UKC

i need to convert some hex numbers to decimal and put them into a program, but it says to 'reverse the byte order' before converting. Theres a few numbers i need to convert and the seem to be 4 digits, with a small space (well looks like they are spaced!!) between the first and last two like this:

1b 01
2d 46

although the space is smaller on my list so not sure if it is an actual space or not!! The input box in the program only takes 4 digits, but if i convert 2d46 to decimal i get 11590 which wont fit! I'm assuming the space is important but when i stick 2d 46 into a hex converter i get 45 which is the same as just entreing 2d

What am i doing wrong? And how do i reverse the byte order whatever this means. Is it just typing the number in reverse?

Thnaks

In reply to ed34: Reversing the byte order gives you

01 1b
46 2d

462d in decimal is 17965, so you won't fit that into 4 digits.

In reply to ed34:

if you reverse the byte orderwould it be

01 1b
46 2d

?

do they give a better converson?

In reply to Anonymous:

so the space splits the number into bytes?
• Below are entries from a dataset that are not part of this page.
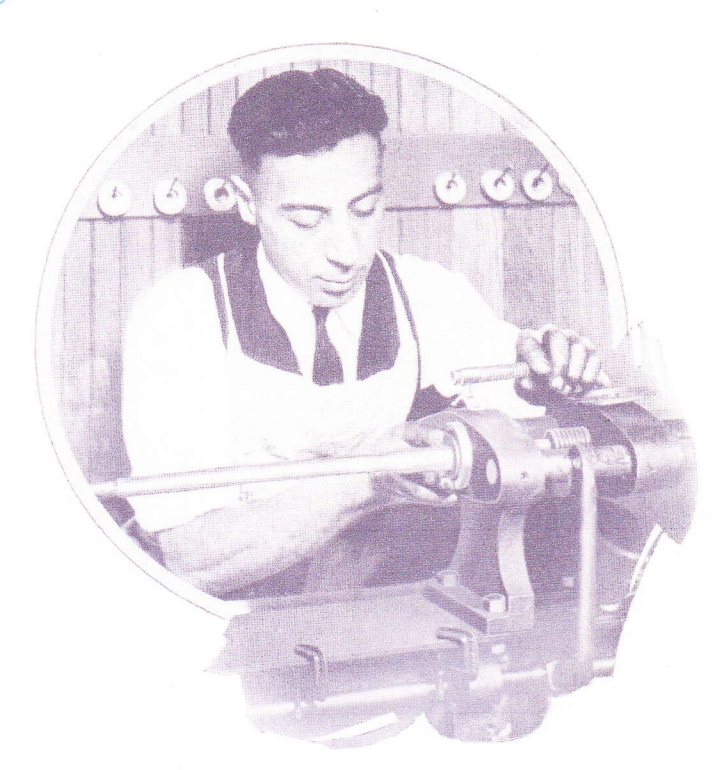
The first step in building an OLDS trombone Drawing the Tubing

HROUGHOUT every step in the manufacture of OLDS trombones infinite care is taken to insure
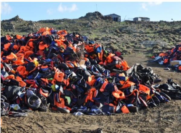
Figure 4: Discarded life vests and rubber
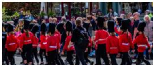
Carnival Parade 2023
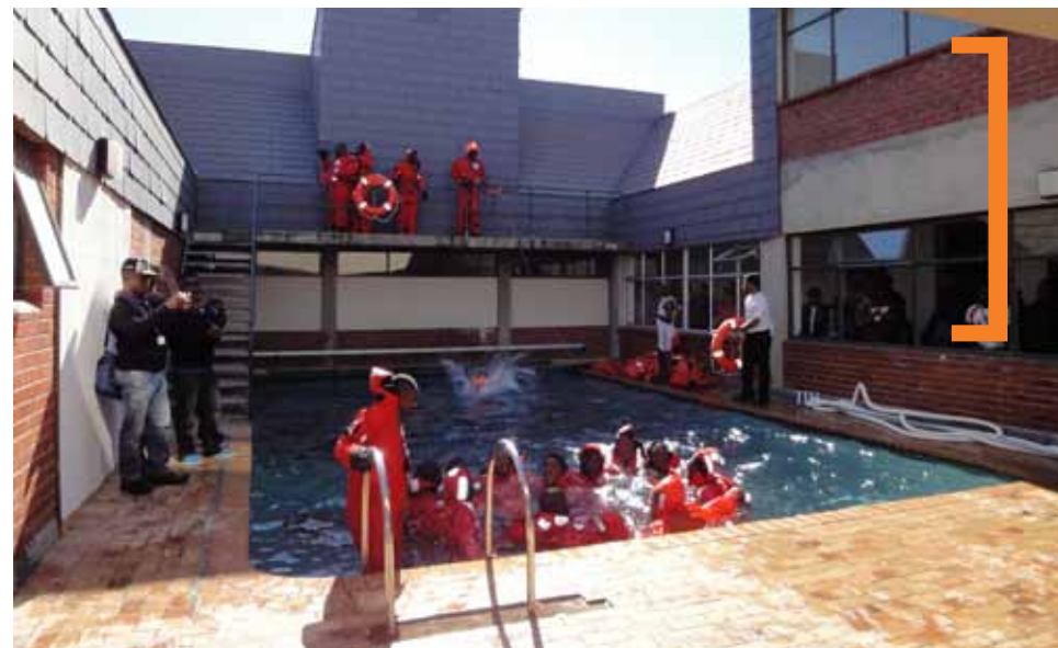
STC Training Academy in Cape Town, South Africa

Secondly, an Engineering Faculty at Groenberg Secondary School was established. STC-Group supplies computers, know-how and equipment. Annually, 20 bursaries for tertiary studies are provided.
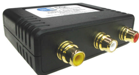
Audio & Video Balun 3 RCA Female to 1 RJ45 Part Number: E10655

This Balun provides a low cost and versatile cabling solution for audio & video distribution, for example, VCR output to TV or Projector.
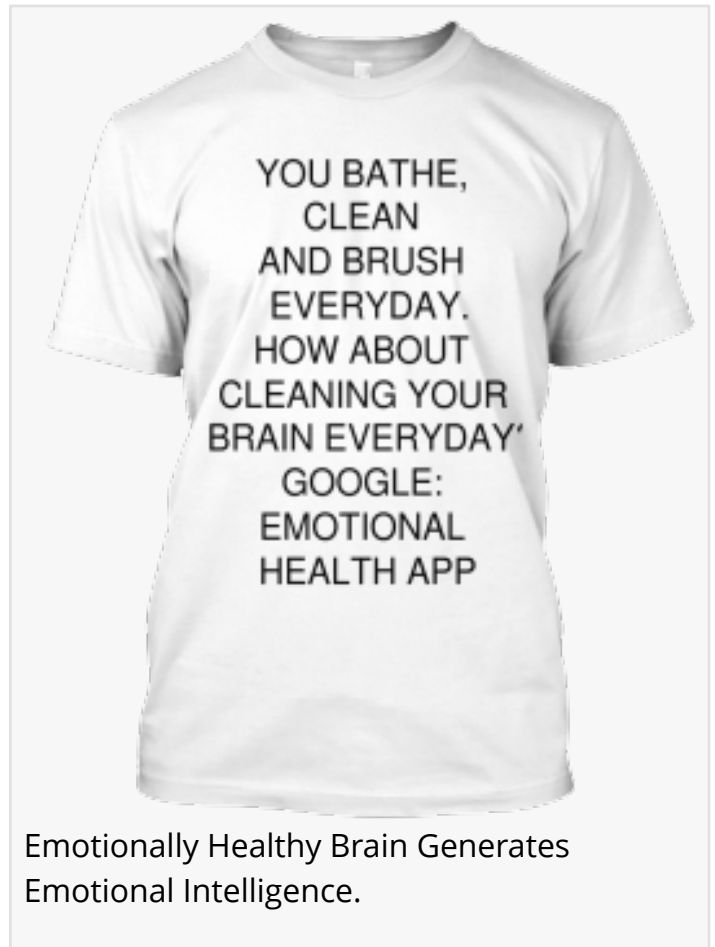
Emotionally Healthy Brain Generates Emotional Intelligence.

There is a straightforward trick that changes wisdom from being a philosophy to wisdom becoming a science. Wisdom and emotional intelligence are the same, and an emotionally healthy brain generates them. So define wisdom as EMOTIONAL HEALTH. Focus on emotional health and wisdom will emerge effortlessly.
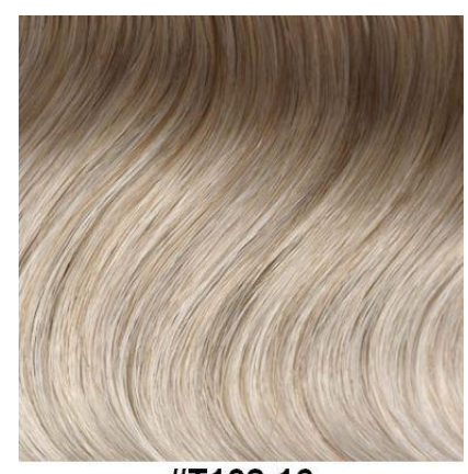
#T102-16 Medium Ash Blonde Roots with Pale White Blonde Ends
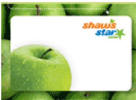
4% to Maimo PTA

AT NO EXTRA COST TO YOU... ...YOU PAY FACE VALUE FOR ALL CARDS!!!!
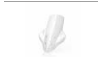
High Screen NMAX B6H-F83J0-00-00
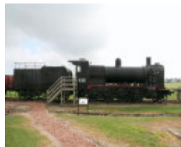
H0198 Wonthaggi State Coal Mine Eastern Precinct H198 July 2007 PM2 loco28
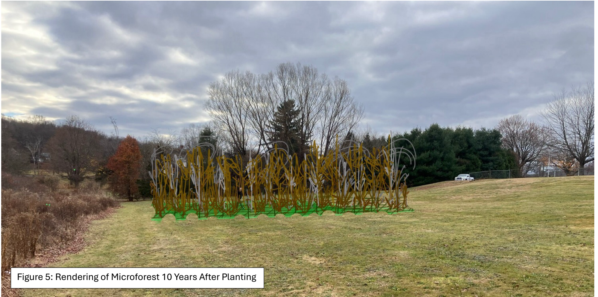
Figure 5: Rendering of Microforest 10 Years After Planting

and i just reverse the 'blocks' ?

it wont take 011b or 462d still

In reply to ed34:
Not entirely sure what you are trying to do, but here's some background

Some O/Ss are "big-endian", other's are "little-endian", referring to the order in which bytes are stored in a number. A "short" integer has two bytes, a "long" integer has 4 bytes. Hex characters are usually denoted by "0x".

Therefore decimal 283, if stored as a short, is 0x011b on a "little endian" system and 0x1b01 on a "big endian" system.

In C++ there are intrinsic functions you can use - ntohl, ntohs, htonl, htons - but I just wrote my own

In reply to ed34:

Have a read up on "little endian" and "big endian" it's all to do with byte order as stored in memory (or files) in different systems. The reason you *do* have a space between each 2 digits of hex is that each 2 digits amounts to the equivilent of one byte i.e. 8 bits in base 2. It's the most convenient way to represent this kind of data. So simply swap your low and high order bytes and you've reversed the byte order. This gives you:

01 1B
46 2D

In reply to Chris the Tall:

Beat me to it.

In reply to ed34:

ah think i sussed it

I have to convert the blocks seperately

so 1b 01 reversed is 01 1b as said above, then if i convert 01 i get 1, and converting 1b i get 27 so i entered 127 in the program and it seemed happy!

46 2d gives 70,45 so i entered 7045 and it worked

still dont understand it, i tried googling but all the answers were way over my head. I just have to enter the hex numbers in to a program to generate some 30 digit key codes. Anyway the codes seem to be working so far so my trial and error method seems to have worked. I might get stuck when i get to the next set though which are much longer numbers

In reply to ed34:

i guess thats what Chris and Matt have just said then!!

In reply to ed34:

For a bit of background (apologies if you know this):

Each hex digit represents a number 0..15. Four binary bits also represent that number range. A byte is 8 binary bits so you can represent one byte using 2 hex digits. So "1b" is a byte and so is "01".

In reply to ed34:

Yes - but the space does not mean anything. Hex is a convienient notation for binary.

For example, 0xf is the same as 4 bits, the binary of which is 1111

If you had the binary number (and I use spaces to make it easier to read

1111 1111 1111 1111, the hex equivilent is 0xffff and so on.

Since a byte is 8 bits long, it can represent numbers from 0x00 to 0xff or binary 0 to 11111111.

Byte swapping is done as shown by other posters.